Latest update April 7th, 2025 6:08 AM
Oct 11, 2016 Letters
Dear Editor;
May I be allowed to respond to the letter ‘A plea to the Guyana Forestry Commission’ (KN, 09 October 2016)? The letter writer seems to think that the prohibition by the UK Environment Agency on greenheart timber (not proven to be from sustainable forest management in Guyana) has been debated by the GFC Board of Directors. So far as I am aware, there has not been such a debate this year.
Let me try to explain forest sustainability in kitchen terms. Managing our tropical rainforest is like baking black cake. There are many ingredients for black cake but you do not use the same quantities of each ingredient. Similarly the forests of Guyana have more than one thousand species of trees but not in equal quantities. A cook wants to be known for his/her special recipe, he/she uses the same ingredients at each bake for consistency. Likewise, to sustain the forest, we want to keep all the species in the same proportions, from one generation to another.
A cook would not use only one tablespoon of raisins, after letting the children steal and eat the rest of the prescribed cups of raisins, because the mixture just would not be black cake. Similarly, the GFC (as cook) should not be allowing the loggers (the children) to take out or damage preferentially most of the middle-sized greenheart trees, so prejudicing the next crop of commercial trees.
The post-logging surveys or silvicultural assessments of areas of forest which have been logged are the evidence of whether a forest is sustainably managed or not. That is the measure of sustainable logging. In 2002, the villagers at Rupertee in Region 9, learned about and participated in silvicultural assessment of paurine timber trees (botanical name Centrolobium paraense) on Rupertee Mountain under the guidance of Colin Jacobus of Iwokrama . They understood Colin’s demonstration of age-size classes and his assessment that continuing logging of paurine would make that species extinct in their area and they made rules to control future logging. When I last visited Rupertee in 2013, a few people told me that they were still protecting their remaining paurine trees.
By May and December 2015, the Forest Products Association, GMSA and GFC were aware of the reasons for the prohibition of greenheart imports into the UK. In July and September 2015, the GMSA at least was aware of the need to compile reliable forest inventory data. The GMSA may not have been aware that a demonstration of sustainable forest management requires pre-logging inventory, estimation of tree growth and mortality rates, and post-logging inventory of the trees which should form the next crop. The GFC has had a manual of how to conduct post-logging survey – or silvicultural assessment – since 1999. This kind of survey was routine in Sarawak in Malaysia from the mid-1960s. The GFC has had computer models for growth, yield and mortality of the main timber species since 2000.

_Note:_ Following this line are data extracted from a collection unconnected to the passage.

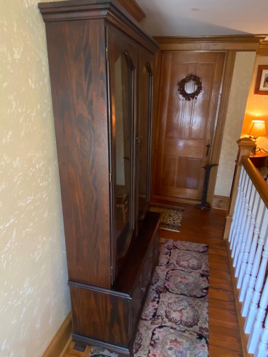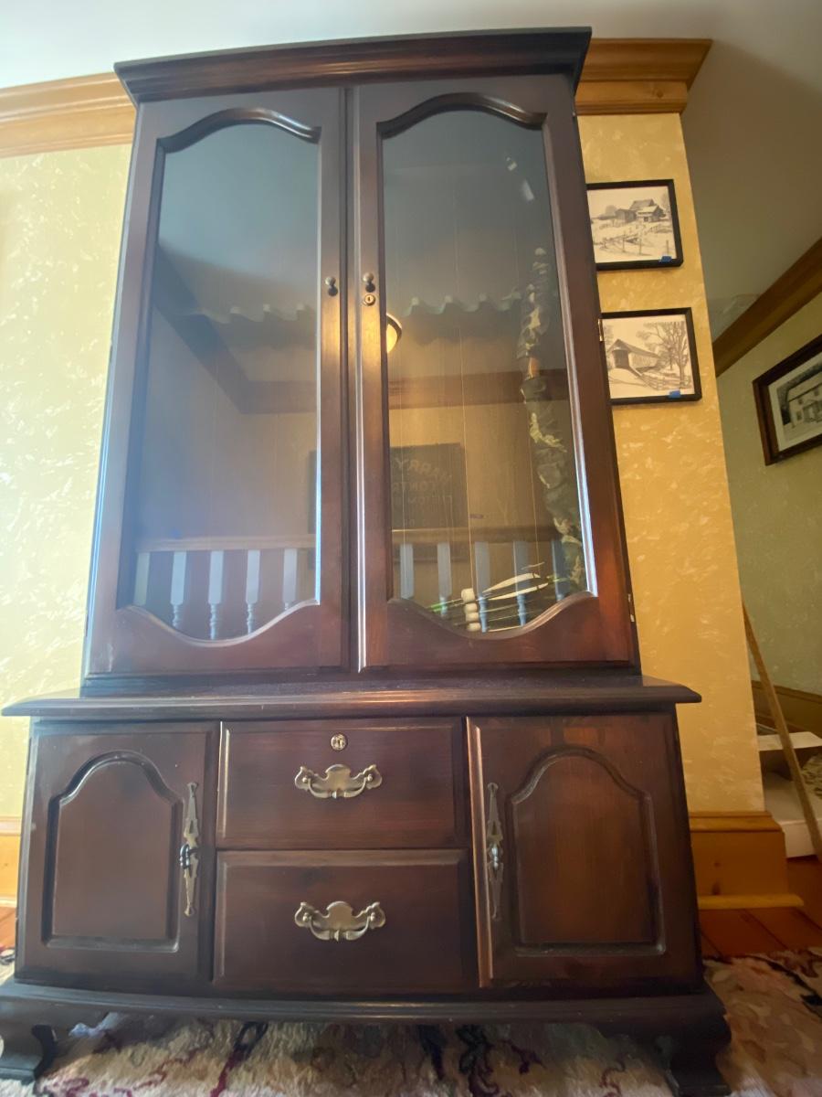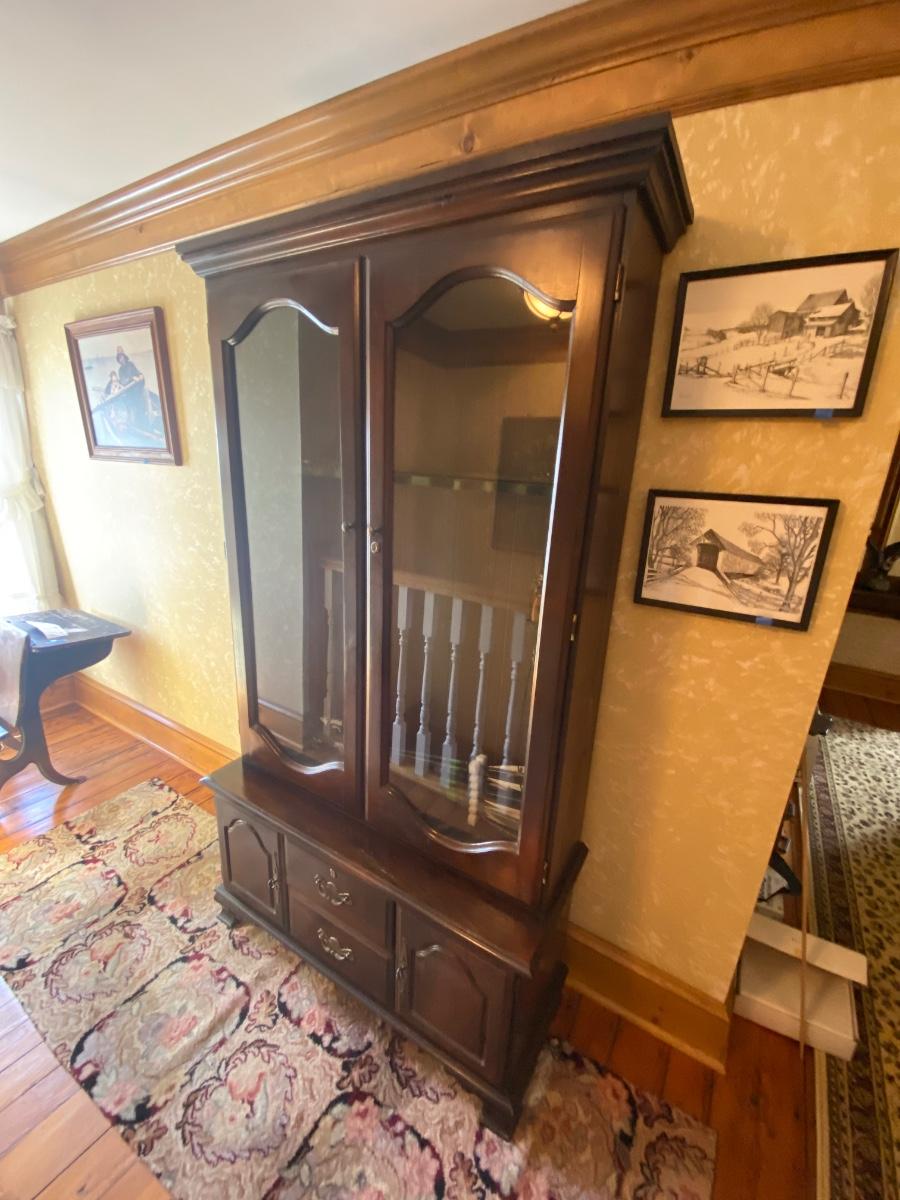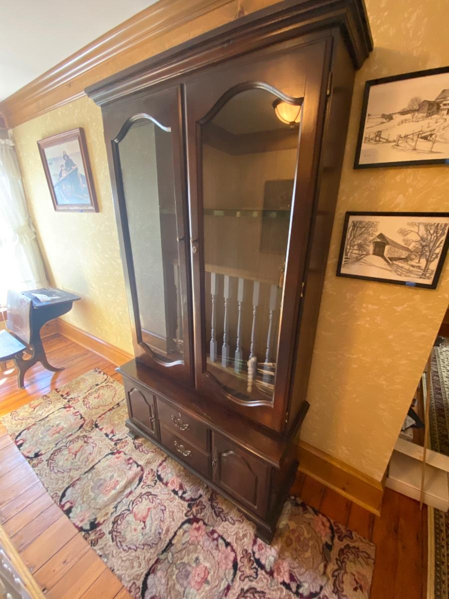 39”x15”x71”.locking wood gun cabinet which is in good used condition. Only the cabinet is for sale. Contents inside cabinet will be removed prior to day of pick up. Please see all pictures as they are the best representation of the items. The pictures show condition, measurements if taken, and what is included in the lot. Due to the large amount that we photograph and the time frame, we are not always able to take measurements. All items unless noted, are pre-owned and have been used. If you purchased furniture, you must bring help. We do not allow one person to carry large furniture out on their own. Bring help, tools and a truck for the safety of our client’s homes, and your personal safety. Any damages that result to the property including walls, and floors due to moving of the furniture will be charged to the buyer. Company policy. Thank you.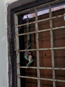 I’ll stick to the pork but, beware, you may unwittingly be getting a little pork brain in your yummy salad. And talking about food and a more serious medical problem, I’d like to mention the poor old snake. Speaking to the Head of the Yangon Tropical Unit who attended a conference that Green Shoots Foundation organised, I learnt that snake-bites are the commonest cause of ward admission to her unit. Up to 15,000 patients are admitted to hospitals around Myanmar annually, mostly resulting from envenomation from cobras and kraits. The cities attract people who in turn throw food away attracting rodents and consequently snakes. One was found in the process of ingesting a rodent in our MAM office recently (picture)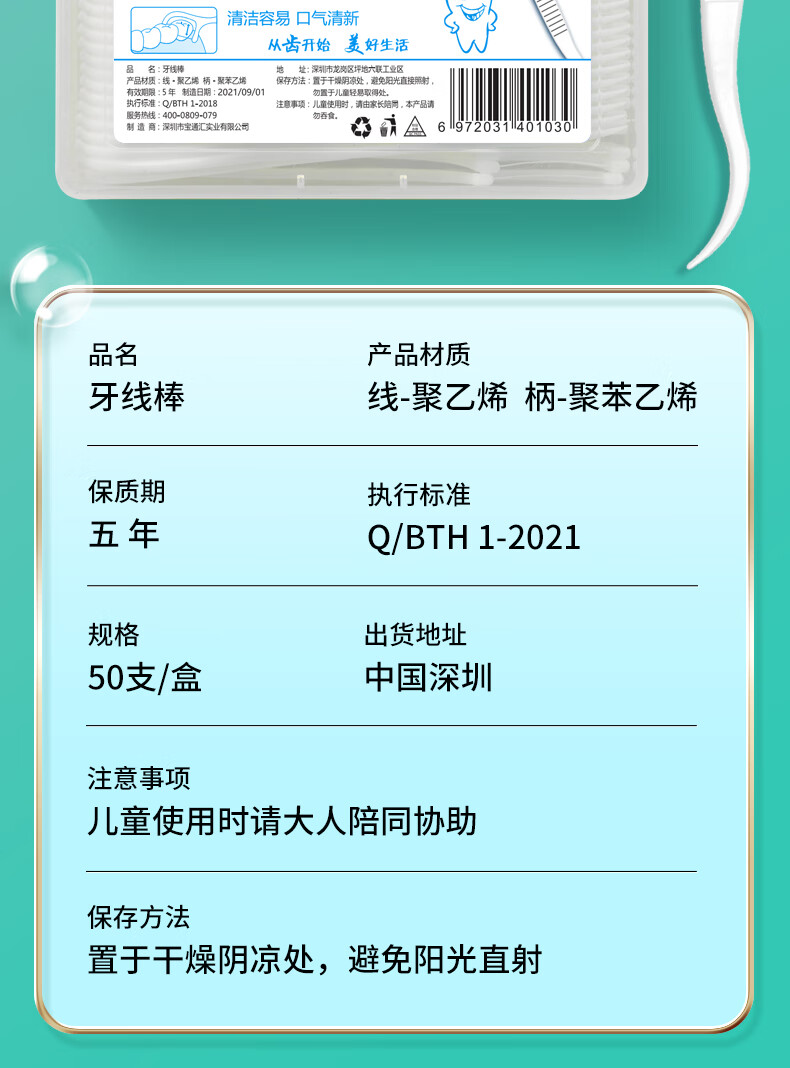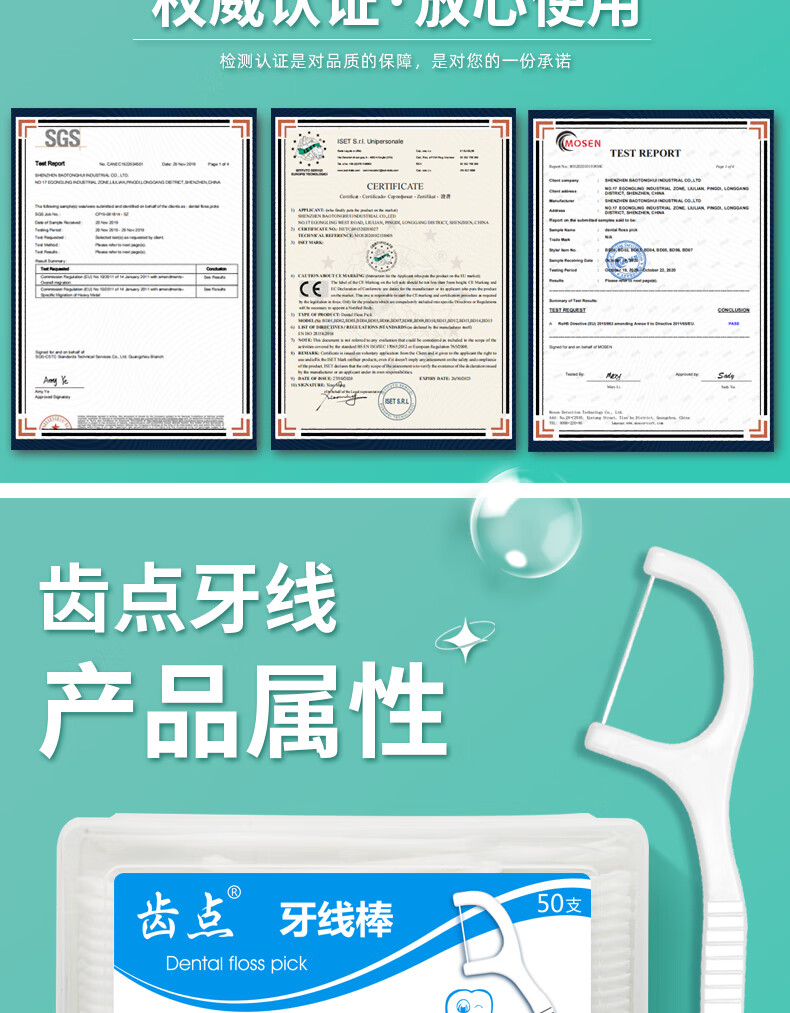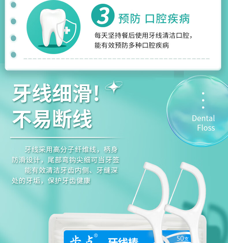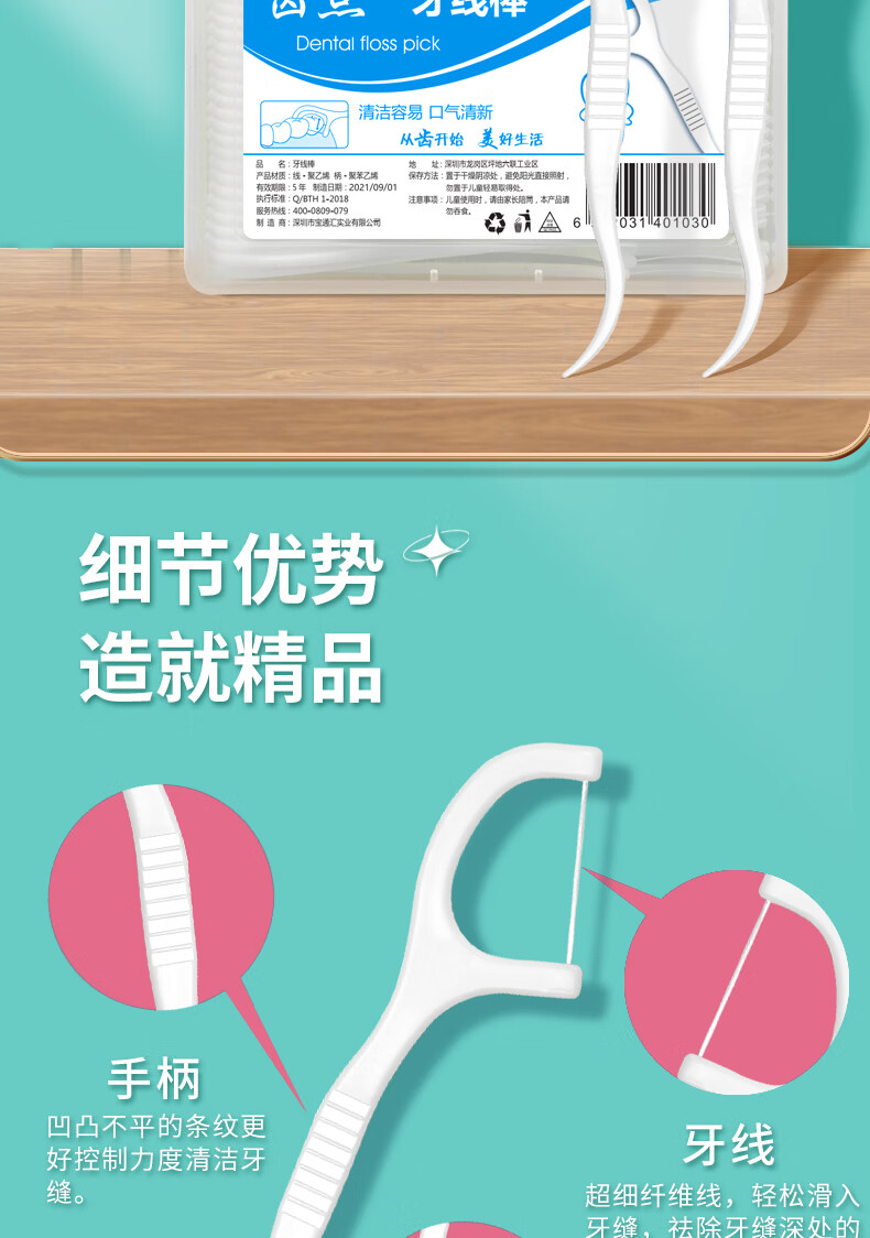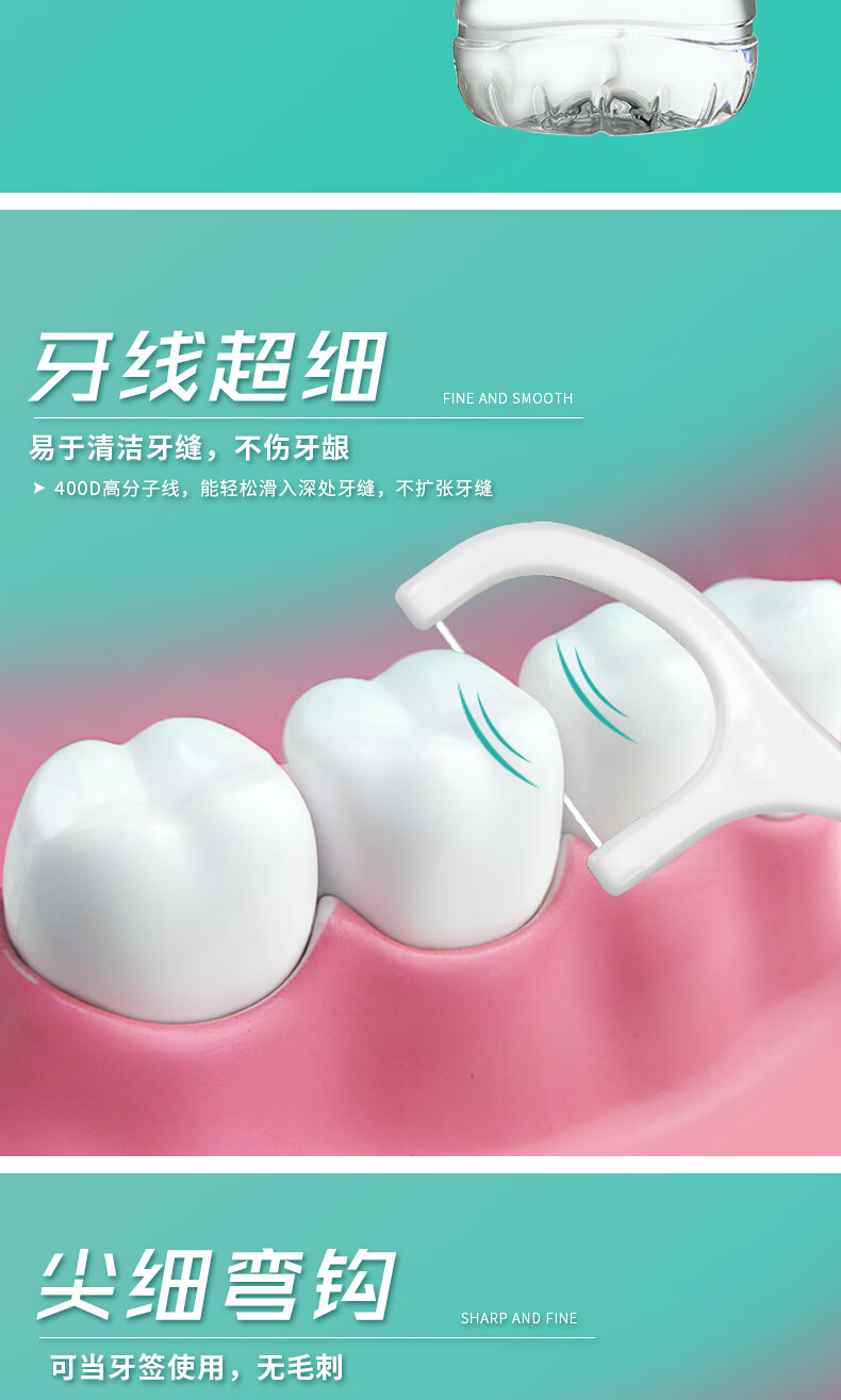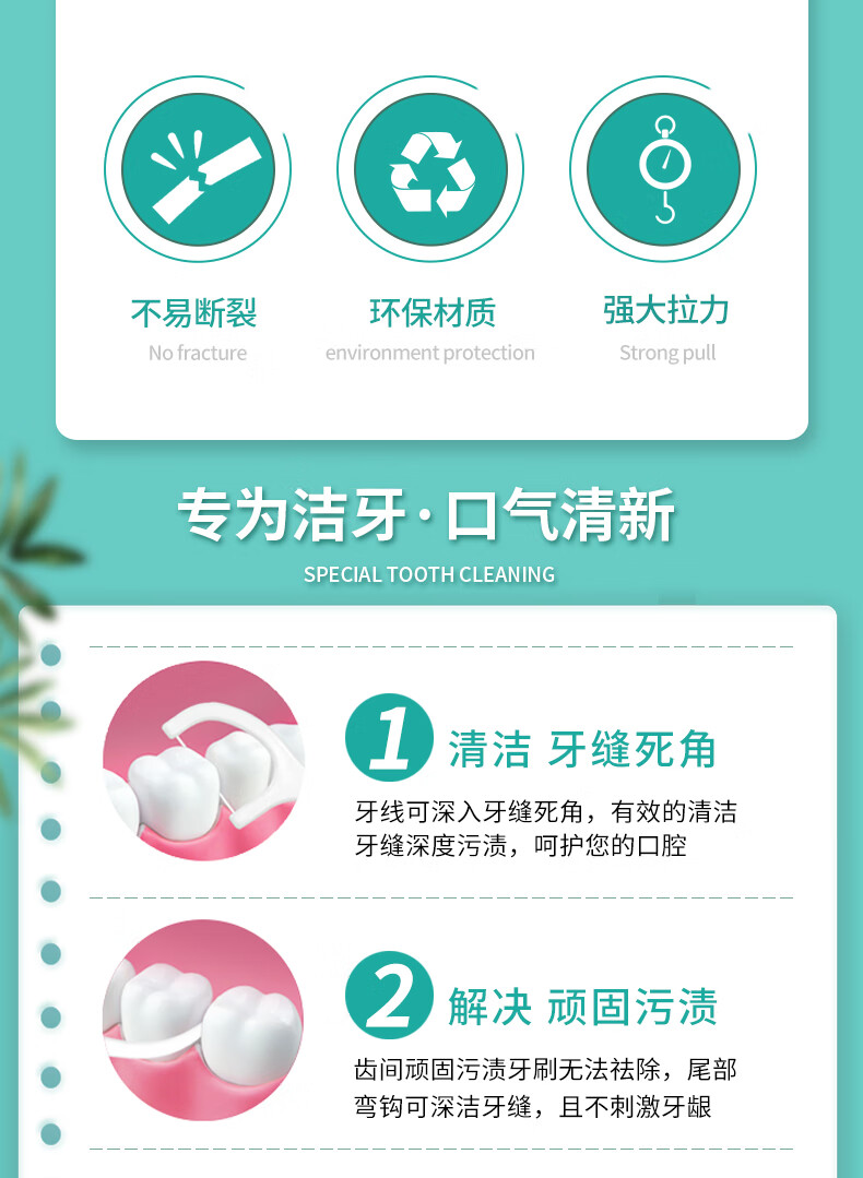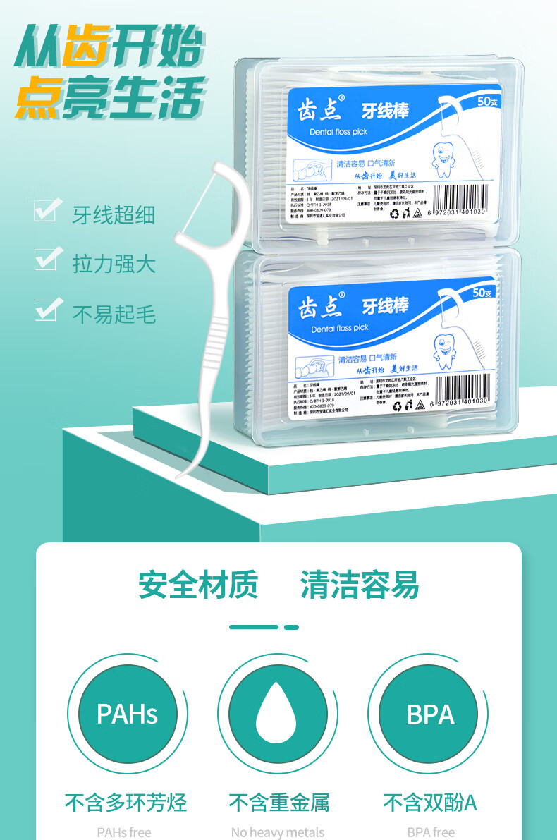 齿点500支牙线家庭装经典盒装牙缝清洁一次性牙线棒高拉力剔牙签线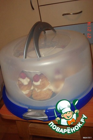 P.S. Т. к. лакомство готовилось и для дедушки с бабушкой, то свой "Веночек" я сразу уложила в перевозку для тортов. Объясняю, в чем это таком странном находится мой десерт :lol: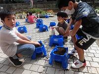 本日も6年生が正門に立ち、登校してくる子どもたちや通りを歩く人々に明るいあいさつをしていました。(^^) 1年生がアサガオの種を植えていました。種の個数、植える間隔、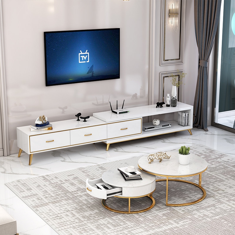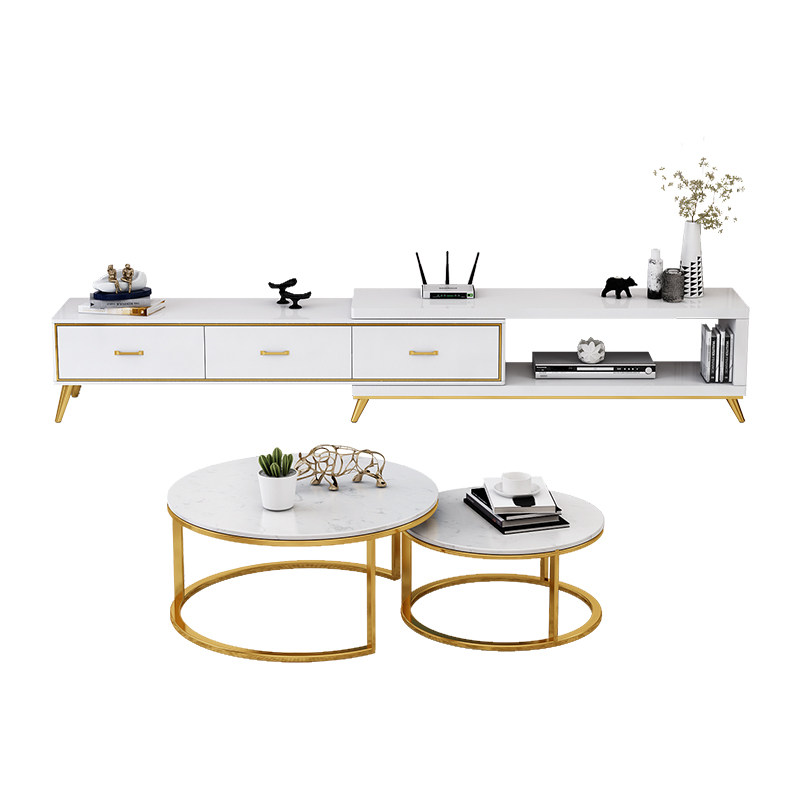 Telescopic TV cabinet + rock slab storage coffee table combination

Likewise, there is no shortage of information about the UK Government’s timber procurement policy since 2002, the accepted definitions of legality and sustainability, the acceptable evidence for legality and sustainability, the framework for assessment. If the GFC –
►implemented the national forest policy approved by the National Assembly in 1997,
►made obligatory the codes of practice on timber harvesting (third edition, 2013-4) by activating section 35 in the Forests Act 2009,
►including the provisions for sustaining viable populations of individual timber species, then the assessments for Guyana would not be negative. Remember that the assessments are for each source forest (individual logging concession), not a one-time tree count spread over much of central Guyana.
The following four sources are among the several which are easily accessible:
►https://www.gov.uk/timber-procurement-policy-tpp-prove-legality-and-sustainablity;
►https://www.gov.uk/government/publications/framework-for-evaluating-category-b-evidence;
►https://www.gov.uk/government/uploads/system/uploads/attachment_data/file/323007/Practical_Guide_to_Supply_Chain_Information_Edition_1.pdf;
►http://www.procurementcupboard.org/Files/Practical%20Guide%20to%20Forest%20Source%20Information%20Edition%201.pdf.
For some 15 years, the UK Government funded a Central Point of Expertise on Timber (CPET), to draft policy papers and prepare guidance notes. At the end of March 2016, CPET was closed, partly to save money and partly because nearly all regular suppliers to UK Government procurement contracts knew and complied with the rules. Why is Guyana the odd country which does not know and does not comply but somehow wants to be allowed to sell piratically-logged greenheart, unlike all other suppliers?
Rupertee Village in 2002 made a decision on their own to manage the paurine tree sustainably. If the GFC is managing greenheart sustainably in central Guyana, then among the things it has to do is publish the post logging surveys that show the age-size classes of sufficient undamaged mother trees to form the next crops.